- _EXERCISE DATA_

╭──

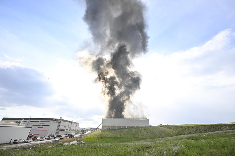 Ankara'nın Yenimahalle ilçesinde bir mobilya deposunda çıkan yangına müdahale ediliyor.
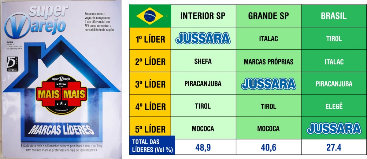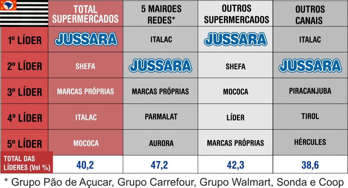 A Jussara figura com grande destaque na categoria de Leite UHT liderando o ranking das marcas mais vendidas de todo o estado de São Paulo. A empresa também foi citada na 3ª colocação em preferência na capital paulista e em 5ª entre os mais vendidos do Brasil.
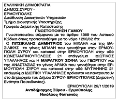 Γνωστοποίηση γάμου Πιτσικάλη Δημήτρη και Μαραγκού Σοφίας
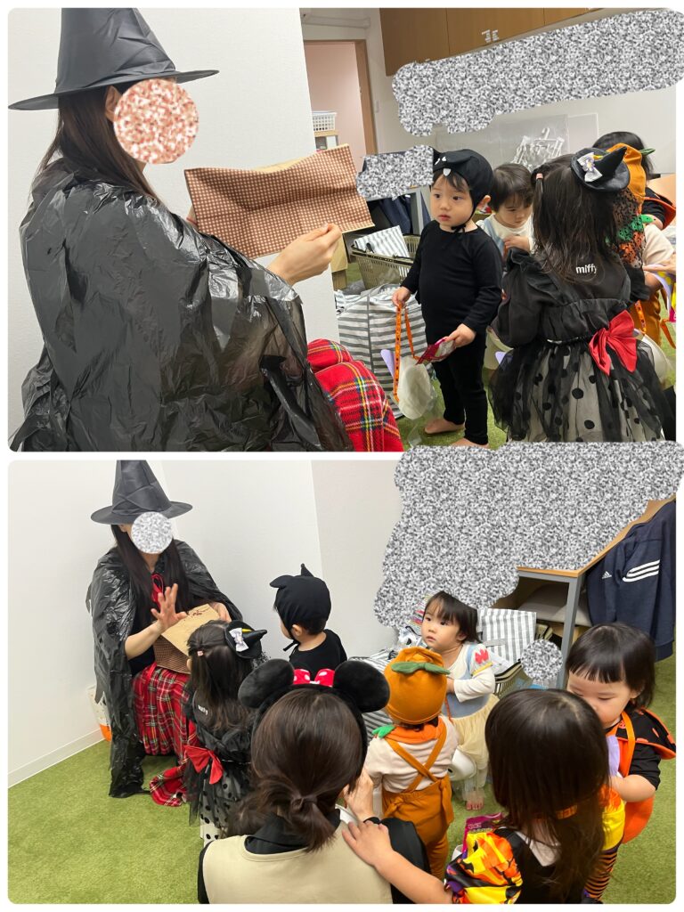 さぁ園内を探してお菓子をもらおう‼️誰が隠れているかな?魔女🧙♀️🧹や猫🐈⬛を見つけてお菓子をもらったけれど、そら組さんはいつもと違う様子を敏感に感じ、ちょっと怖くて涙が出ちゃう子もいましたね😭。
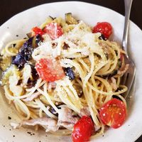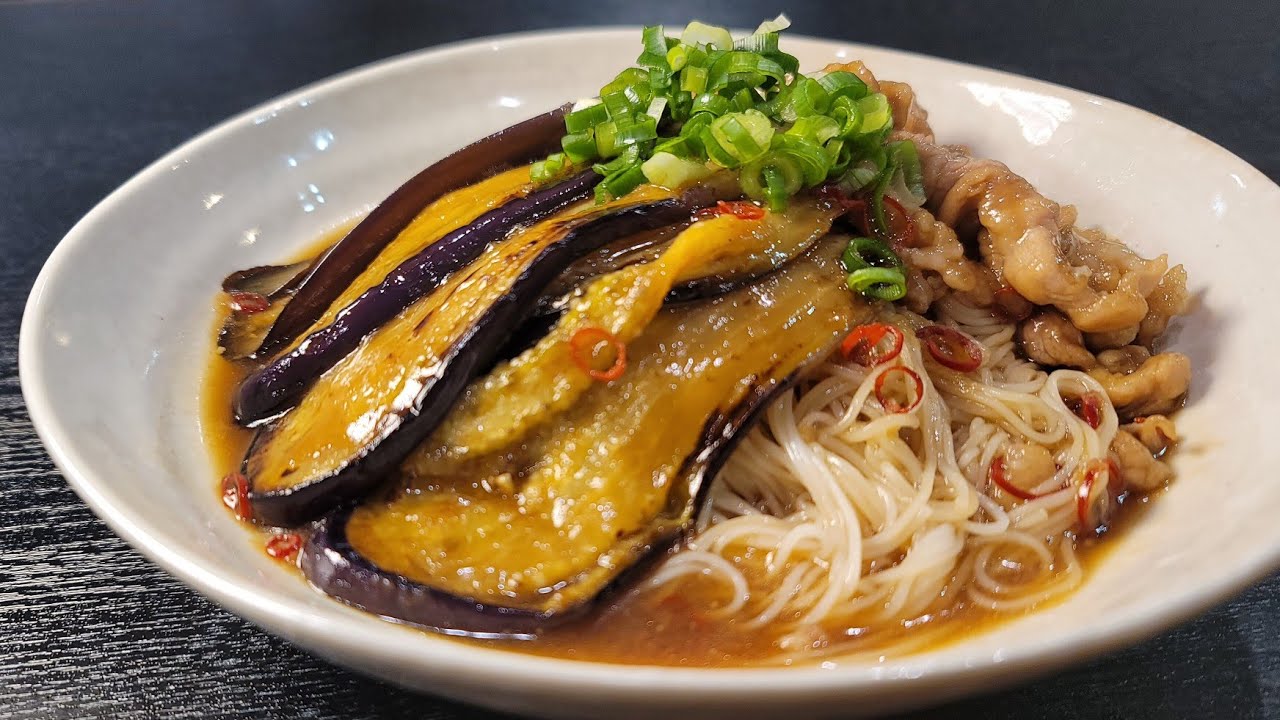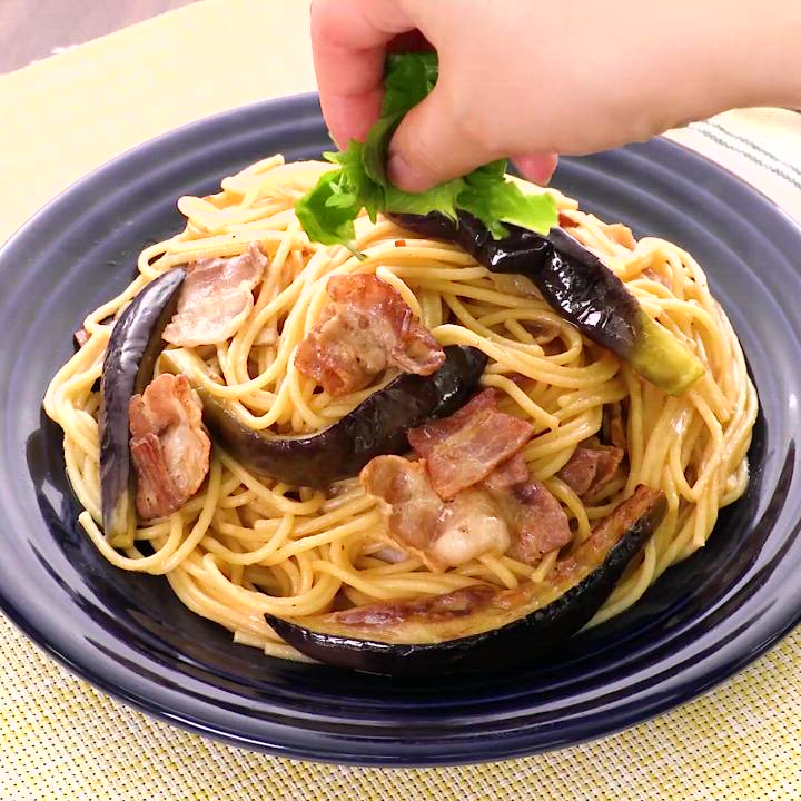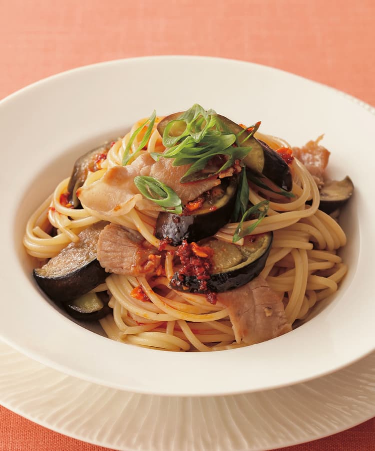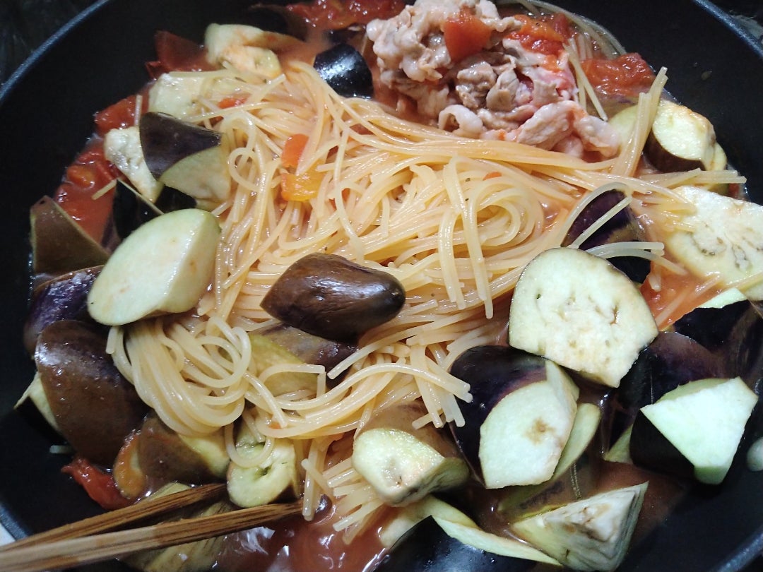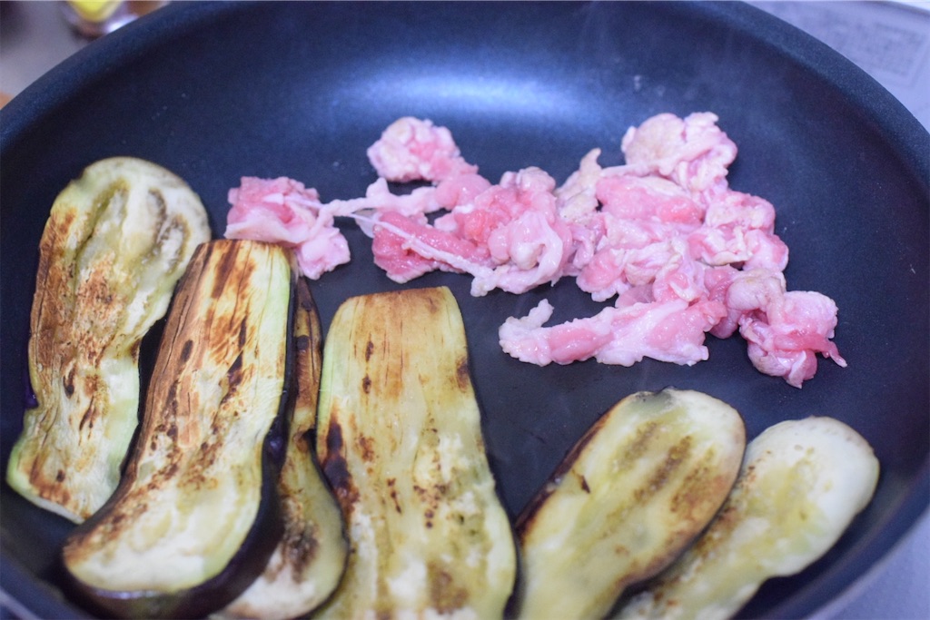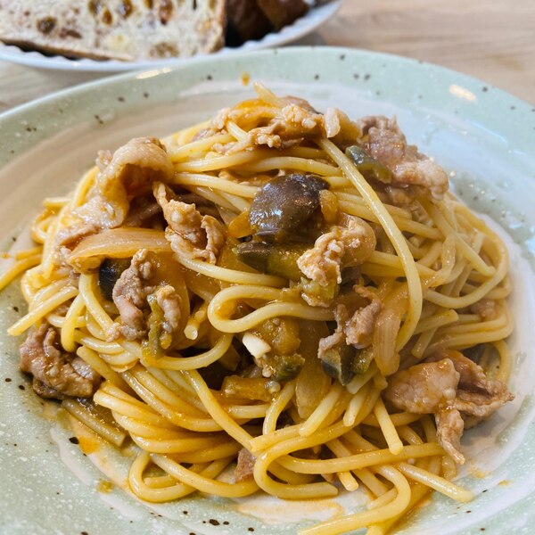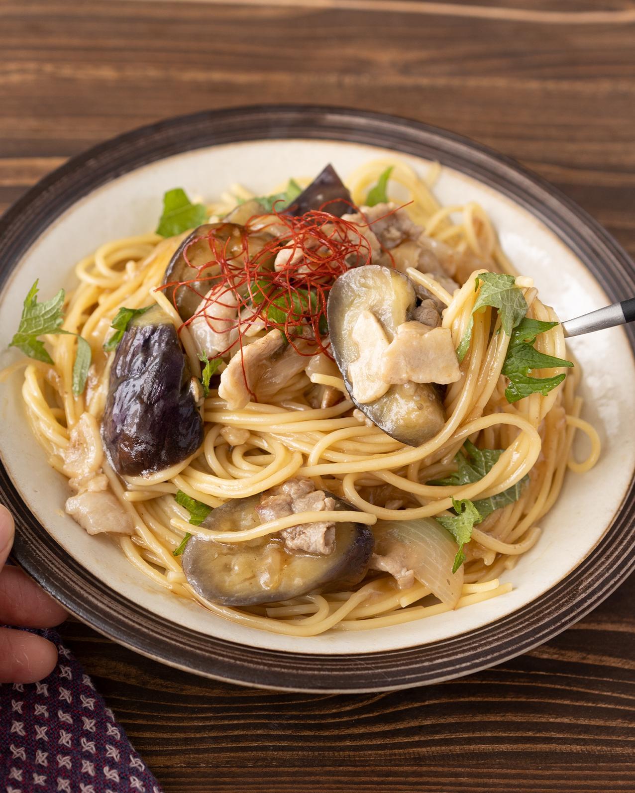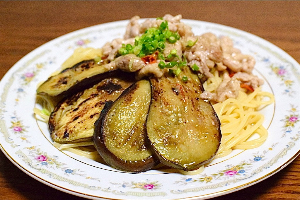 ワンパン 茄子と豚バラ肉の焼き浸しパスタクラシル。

╰──

- _YOUR TASK_
Please print every record exactly as written, without the pictures.

- _ANSWER TO THE EXERCISE_
 Ankara'nın Yenimahalle ilçesinde bir mobilya deposunda çıkan yangına müdahale ediliyor.
 A Jussara figura com grande destaque na categoria de Leite UHT liderando o ranking das marcas mais vendidas de todo o estado de São Paulo. A empresa também foi citada na 3ª colocação em preferência na capital paulista e em 5ª entre os mais vendidos do Brasil.
 Γνωστοποίηση γάμου Πιτσικάλη Δημήτρη και Μαραγκού Σοφίας
 さぁ園内を探してお菓子をもらおう‼️誰が隠れているかな?魔女🧙♀️🧹や猫🐈⬛を見つけてお菓子をもらったけれど、そら組さんはいつもと違う様子を敏感に感じ、ちょっと怖くて涙が出ちゃう子もいましたね😭。
 ワンパン 茄子と豚バラ肉の焼き浸しパスタクラシル。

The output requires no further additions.